She looked around, found it at my bedside and held it up. “I call police?”

I shook my head and flicked my fingers at her. “No police.”

In spite of my pain, I dialed Bear, while Girly fetched some towels to clean the blood off my face.

He answered after two rings. “Big?”

“I need your help, Bear.”
Again
.

A short silence followed before he said, “Be there in two,” and hung up.
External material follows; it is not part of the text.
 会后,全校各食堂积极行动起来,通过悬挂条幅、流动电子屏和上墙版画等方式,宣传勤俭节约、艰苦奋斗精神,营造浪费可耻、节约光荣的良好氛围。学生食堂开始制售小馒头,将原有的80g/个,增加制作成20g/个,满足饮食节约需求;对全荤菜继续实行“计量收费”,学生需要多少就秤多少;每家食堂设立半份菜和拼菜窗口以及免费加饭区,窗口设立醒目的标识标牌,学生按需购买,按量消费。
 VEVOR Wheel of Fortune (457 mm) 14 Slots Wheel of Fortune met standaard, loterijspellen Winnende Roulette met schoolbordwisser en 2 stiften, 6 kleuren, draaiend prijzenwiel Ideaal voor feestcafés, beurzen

Thankfully, he asked no questions, saving me from having to explain on the phone.

Olga and Cruikshank stayed in the main bedroom and did not emerge when Bear arrived.

“What the fuck, Ritchie?!” Bear said when he saw me, his arms flung out, his nostrils flaring.
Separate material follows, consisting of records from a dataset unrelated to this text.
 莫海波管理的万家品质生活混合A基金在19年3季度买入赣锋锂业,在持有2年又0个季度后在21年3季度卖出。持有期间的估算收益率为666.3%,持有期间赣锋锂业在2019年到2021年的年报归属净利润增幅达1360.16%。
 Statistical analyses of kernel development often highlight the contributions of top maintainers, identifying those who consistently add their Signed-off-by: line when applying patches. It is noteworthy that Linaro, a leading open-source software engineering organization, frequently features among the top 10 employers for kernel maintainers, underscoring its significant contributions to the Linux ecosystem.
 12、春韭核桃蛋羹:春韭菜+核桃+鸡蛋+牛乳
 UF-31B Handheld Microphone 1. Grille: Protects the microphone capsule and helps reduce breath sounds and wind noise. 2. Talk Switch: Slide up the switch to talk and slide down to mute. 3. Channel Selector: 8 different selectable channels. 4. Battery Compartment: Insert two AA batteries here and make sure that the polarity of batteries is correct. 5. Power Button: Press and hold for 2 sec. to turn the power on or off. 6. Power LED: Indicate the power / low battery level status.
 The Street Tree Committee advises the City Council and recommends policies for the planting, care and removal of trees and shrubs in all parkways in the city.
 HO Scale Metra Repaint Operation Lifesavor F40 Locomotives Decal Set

I put my finger to my lip, then pointed toward my main bedroom.

He said nothing, but his hooded eyes and thin lips told me he wanted to kick some arse. Who dared lay a finger on Bear Shaw’s brother-in-law? He looked behind him, toward my bedroom, his eyes granite.

“Chill!” I muttered.

He shook his head from side-to-side.

“Later,” I placated. “Trust me.”

His nod was very slight.

As we travelled to the hospital, the whole affair with Cruikshank and Olga, which was up till that day a mere act of sheer betrayal and unrivaled deceit, suddenly took on a dangerous undertone. A drug dealer, a
Russian
one at that, had entered my home in the middle of the night, and not only was he exhorting money out of me, but he was threatening to harm my children if I didn’t play along.
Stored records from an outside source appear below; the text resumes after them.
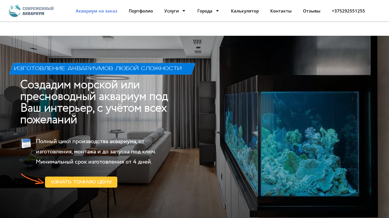 | SEO-описание | Дизайнерские аквариумы на заказ, работаем по всей РБ ✔️ Гарантия 3 года ✔️ Бесплатный дизайн проект ✔️ Собственное производство ✔️ Обслуживание после установки |
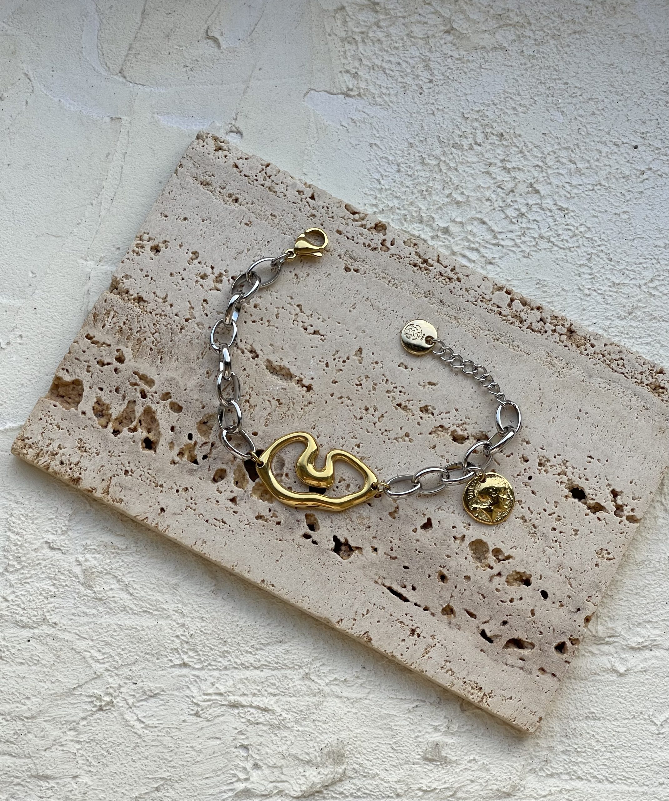 • Βραχιόλι από ατσάλι με στοιχεία από ατσάλι και ορείχαλκο
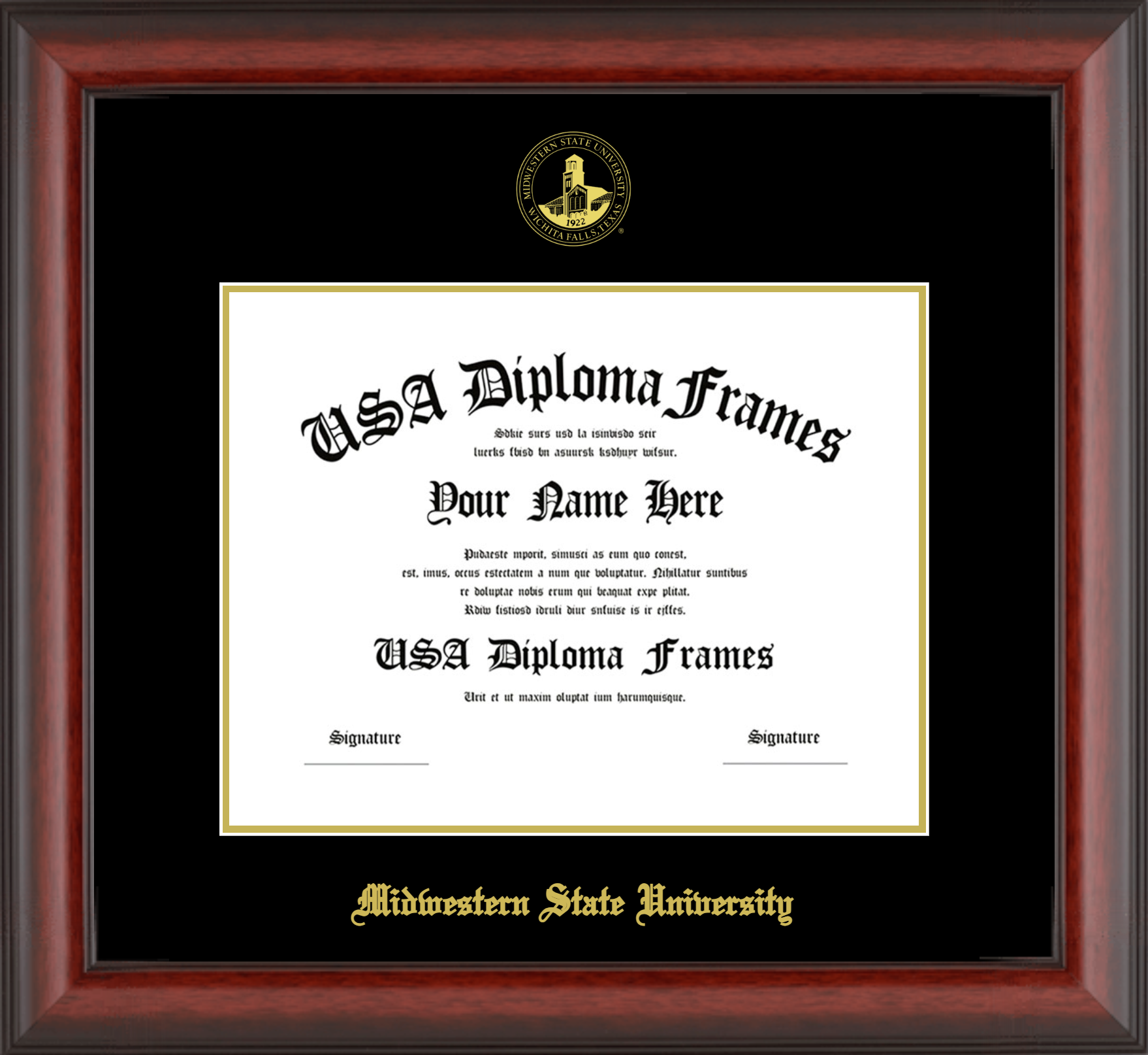 Midwestern State University Diploma Frame – Cherry Mahogany Matte – Black and Gold Mat
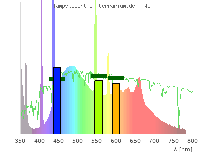 Whereas a spectrometer measures the intensity in every tiny wavelength interval resulting in thousands of individual intensities, the human eye only measures three intensities detected by the three cones. The same is true for the reptile eye with usually three or four photoreceptors. Effectively the detailled spectrum displayed above reduces to a much compacter bar graph displayed below. The photoreceptor sensitivites from these L-Cone, M-Cone, S-Cone, and U-Cone are used, they are chosen as an average of measured reptile photoreceptor sensitivity curves. The bar graph also shows as reference the intensity seen by the three or four photoreceptors for average sunlight (id 1).

Olga had an army of hoodlums behind her. There was absolutely no reason for me to be alive. If I was murdered, she’d have access to everything.

I was in deep, deep trouble.

Chapter Twenty-Four

 

 

“I fell down a flight of stairs,” I said to the emergency room nurse.

Her eyes narrowed.

I shrugged. Imagine if I told her that four Russian fucks bearing firearms stole into my home at 3 a.m. and kicked the shit out of me, while my wife and her lover, who lives with us because I was a dumbass to allow him into my home, watched on.

“Who is this man to you?” the nurse asked, as she placed a dressing over the gash on my forehead, her head jerking toward Bear.

“My…part…ner,” I replied as I winced in pain.

After that, they threw Bear a series of dirty looks and kicked him out of the room.

“Did he do this to you?” the head nurse asked.

“What do you...mean?”

“Mr. MacMillan, you’ve been assaulted twice in one week. Did your partner hurt you? If he did, it’s domestic violence, you know.”

I squinted at her. “Domestic …what? No! No! No! He’s my
brother
-in-law.”

“You said he was your partner?”

“My
business
partner.”

“Oh.” I swear she looked disappointed.

But Bear was allowed to sit with me again while they conducted tests on me.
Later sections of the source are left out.